ZUMA-7: ZUMA-7, a phase 3 international trial, focused on poor prognosis NHL patients with relapse occurring within the past 12 months or refractory disease after first-line anthracycline-based and rituximab chemoimmunotherapy. The study consisted of placing a total of 359 patients (median age 59 years) from 77 worldwide sites randomly into 2 groups either receiving investigator-selected standard-care chemoimmunotherapy (179 patients) or a single infusion of CAR-T cells intravenously (180 patients) [46]. Patients in the CAR-T therapy group received axi-cel, an autologous anti-CD19 second-generation CAR, at a dose of 2.0 x106 CAR-T cells per kilogram of body weight. The axi-cel CAR construct contained a murine CD19-specific scFv, CD28-H, CD28-TM, CD28-CS, and CD3z [46-48]. Prior to CAR-T infusion, patients underwent leukapheresis at day -5 followed by pre-conditioning chemotherapy with cyclophosphamide and fludarabine at days -4 and -3. The dose of cyclophosphamide and fludarabine was 500 mg per square meter of body-surface area per day and 30 mg per square meter per day, respectively. Patients in the standard chemotherapy group received 2 or 3 cycles of platinum-based chemoimmunotherapy. Overall, axi-cel therapy showed significantly better results in event-free response and survival than standard care. The median event-free survival was 2.0 months and 8.3 months for the group that received standard-of-care therapy and axi-cel therapy, respectively. Moreover, 50% of standard-care patients had a partial response and 32% had a complete response, while 83% of axi-cel therapy patients had a response and 65% had a complete response [46].

TRANSFORM: TRANSFORM was an international phase 3 trial for B-cell NHL that was coordinated in 47 sites across Japan, Europe, and the United States.
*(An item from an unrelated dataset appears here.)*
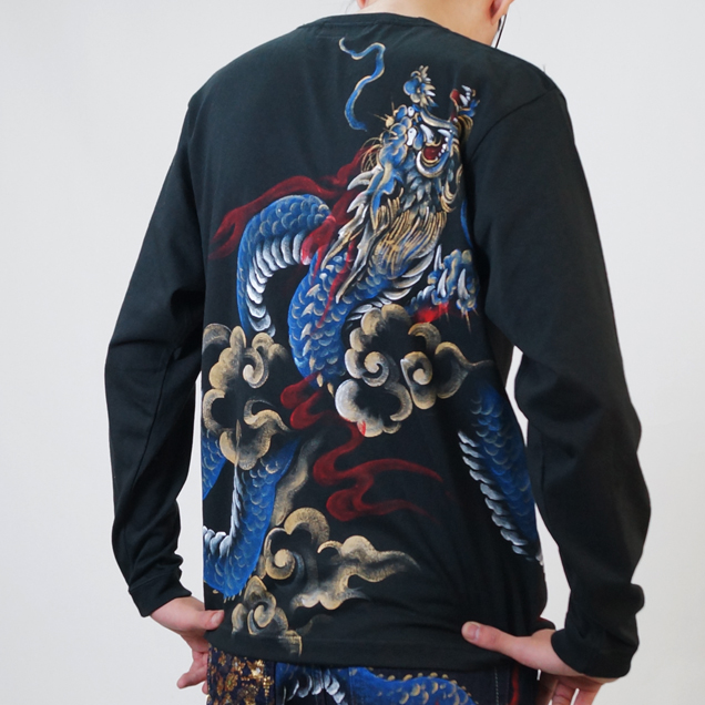 和柄長袖Tシャツ「青龍神」

Patients enrolled in the trial had to have had relapsed or refractory disease within 12 months after initial therapy. Patients were also required to have organ function and an Eastern Cooperative Oncology Group performance status score of 1 or less. A total of 184 patients were assigned to receive either CAR-T cells intravenously (92 patients) or standard of care (92 patients). The standard care consisted of 3 cycles of salvage immunochemotherapy [49]. The patients received lisocabtangene maraleucel (liso-cel), a second-generation anti-CD19 CAR with a murine scFv, IgG4-H, CD28-TM, 4-1BB-CS, and CD3z [4749]. Results demonstrated that the group receiving liso-cel had significantly improved event-free survival. Patients who received standard of care had 2.3 months of event-free survival, while patients receiving liso-cel had 10.1 months. Moreover, patients treated with liso-cel had a higher complete response rate (61 out of 92 patients) compared to standard-care patients (36 out of 92 patients) [49].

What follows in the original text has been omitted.